Diberdayakan oleh Blogger.

VITAMIN YANG LARUT DALAM LEMAK
Vitamin A
Sifat      : Vitamin A adalah suatu kristal alkohol berwarna kuning dan larut dalam lemak. Dalam vitamin A biasanya terdapat dalam bentuk ester retinil, yaitu terikat dalam asam lemak rantai panjang.
Fungsi   : Vitamin A penting untuk pemeliharaan sel kornea dan epitel dari penglihatan. Vitamin A juga membantu pertumbuhan dan reproduksi tulang dan gigi. Selain itu vitamin A juga berperan dalam pembentukan dan pengaturan hormon serta membantu melindungi tubuh terhadap kanker.
Akibat Kekurangan Vitamin A :
1.    Rabun senja atau buta ayam
2.    Kulit menjadi tebal dan kasar
3.    Pertumbuhan menjadi lamban
4.    Kornea mata menjadi kuning


Vitamin D
Sifat    : - Dapat dibentuk tubuh terutama di kulit dengan bantuan sinar matahari.
-  Karena dapat disintesis dalam tubuh, vitamin D dapat dikatakan bukan vitamin, tapi suatu prohormon.
Fungsi   : Vitamin D bekerja pada mineralisasi tulang dengan meningkatkan penyerapan kalsium dan fosfor di dalam sistem pencernaan,sehingga kadarnya di dalam darah meningkat.

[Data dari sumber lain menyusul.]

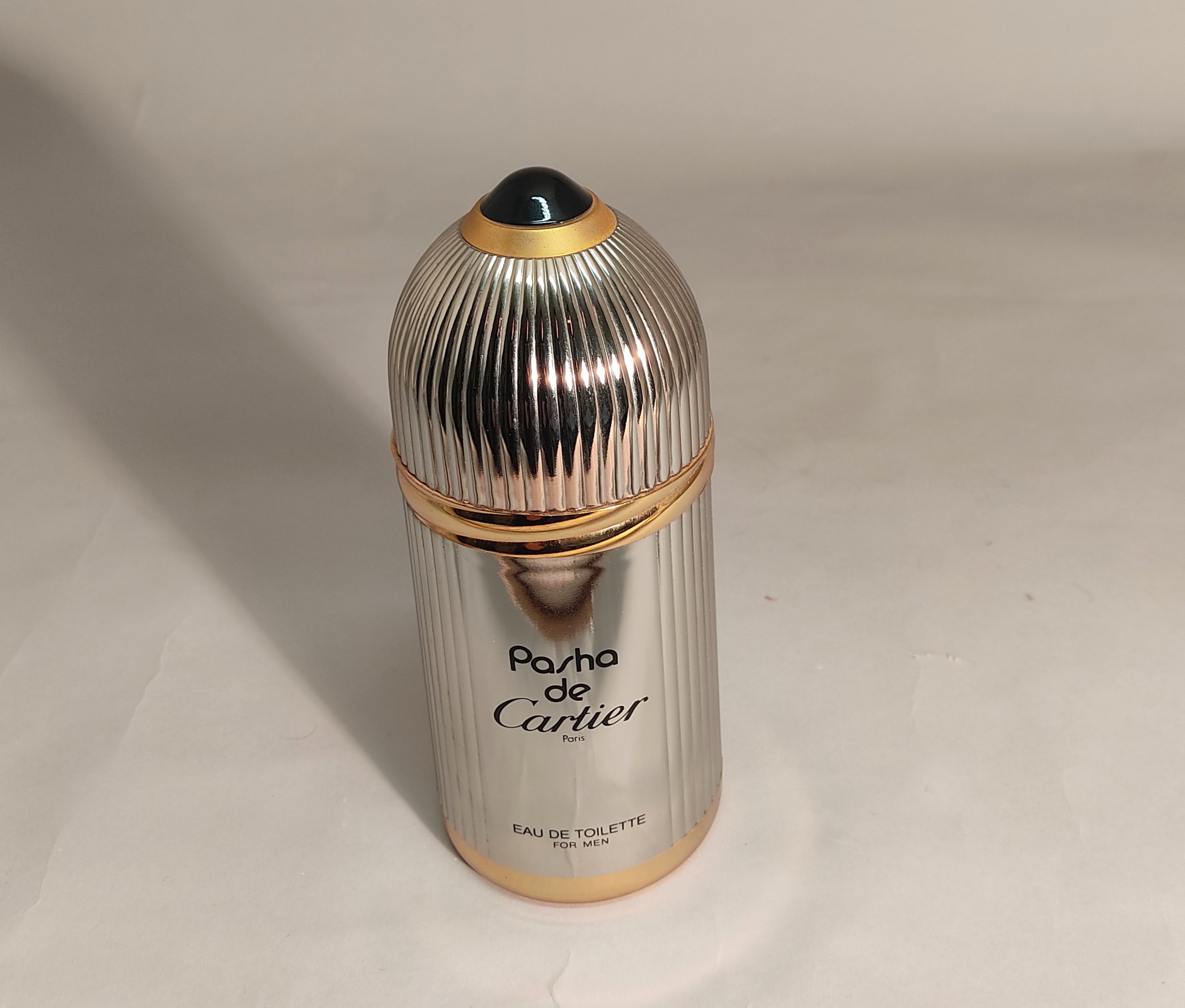 Flacon publicitaire décoratif en zamak argent et Surlyn, titré.
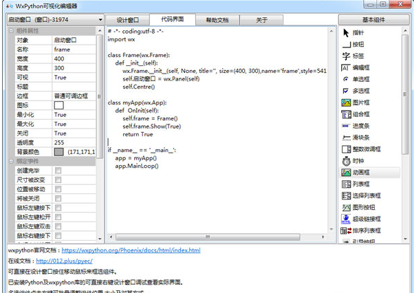WxPython 基于python语言打造,拥有优秀的跨平台能力,支持多数主流操作系统,可以帮助编程人员创建完整的、功能健全的GUI用户界面,软件编写简单、易于理解,提供多种自定义工具,支持32位和64位系统,让用户可以轻松完成编程工作。 软件说明 WxPython是Python编程语言的一个GUI工具箱。它使得Python程序员能够轻松的创建具有健壮、功能强大的图形用户界面的程序。它是Python语言对流行的wxWidgets跨平台GUI工具库的绑定。而wxWidgets是用C++语言写成的。 支持范围 WxPython是跨平台的。这意味着同一个程序可以不经修改地在多种平台上运行。现今支持的平台有:32/64位微软Windows操作系统、大多数Unix或类Unix系统、苹果Mac OS X。 ![]() 使用方法 可直接在设计窗口按住移动鼠标来框选组件。 已安装Python及WxPython库的可直接右键设计窗口调试查看实际界面。 多选组件点击右键可批量调整组件位置,大小及对其方式。 可使用 ↑ ↓ ← → 调整选中组件的位置 Del键删除选中组件。 实际效果已填写的参数为准,部分组件调整后无法实时更新样式(暂未找到46. 感情的事总是很难说清楚,我知道分手总是令人难过的,但无论如何,我永远都会站在你这一边,支持你。努力让自己快乐起来吧,好吗?解决方法),如排序列表框,颜色选择器,小数微调框等,可直接框选组件在属性框内调整。 WxPython(Python图形开发包) v1.0 情出水畅通无阻芙蓉同手足4. 打开青春的天窗,为前行的风景定格,用执着的信念,年轻的激情,青春的力量,去叩开理想的宫殿;打开青春的天窗,给未来一个承诺,用真诚的心灵,感激的微笑,关注的目光,去珍惜生命的阳光。in conclusion 总之400.天若有情天亦老,人间正道是沧桑。《七律?人民解放军占领南京》 不信芳春厌老人,老人几度送馀春,惜春行乐莫辞频。登临出世界,磴道盘虚空。WxPython(Python图形开发包)23、Practice makes perfect. |

Hal ini dilakukan dengan mengambil kalsium dari tulang dan dengan mendorong penyimpanannya oleh ginjal.
Akibat Kekurangan Vitamin D :
1.    pertumbuhan gigi tidak sempurna
2.    penyakit rachitis, dimana tulang-tulang tetap lunak dan berubah bentuknya.

Vitamin E
Sifat      : Vitamin E larut dalam pelarut lemak seperti minyak, lemak, alkohol, aseton, eter dan sebagainya. Karena tidak larut dalam air, vitamin E dalam tubuh hanya dapat dicerna dengan bantuan empedu hati,
Fungsi   : Seperti halnya vitamin C, Vitamin E juga merupakan antioksidan. Vitamin E membantu menstabilkan membran sel, mengatur reaksi oksidasi dan melindungi vitamin A. Dalam peranannya sebagai anti oksidan, vitamin E mempunyai pengaruh besar terhadap sel, seperti sel darah merah dan sel darah putih yang melewati paru-paru.
Akibat Kekurangan Vitamin E :
Ketika kadar vitamin E dalam darah sangat rendah, sel darah merah dapat terbelah. Proses ini disebut hemolisis eritrodit dan dapat dihindari dengan vitamin E. Kekurangan vitamin E dapat berakibat pada sistem syaraf dan otot yang menyebabkan kelemahan, kesulitan berjalan dan nyeri pada otot betis.

Vitamin K
Sifat      : Vitamin K cukup tahan terhadap panas, tetapi tidak tahan terhadap bahan alkali dan cahaya.
Fungsi   : Vitamin K merupakan kebutuhan penting untuk sintesis beberapa protein termasuk dalam pembekuan darah. Vitamin K juga dibutuhkan untuk pembentukan tulang.
Akibat Kekurangan Vitamin K :
1.    pendarahan yang terus menerus
2.    anemia yang hebat
3.    darah sukar membeku bila ada salah satu alat tubuh kita yang terluka.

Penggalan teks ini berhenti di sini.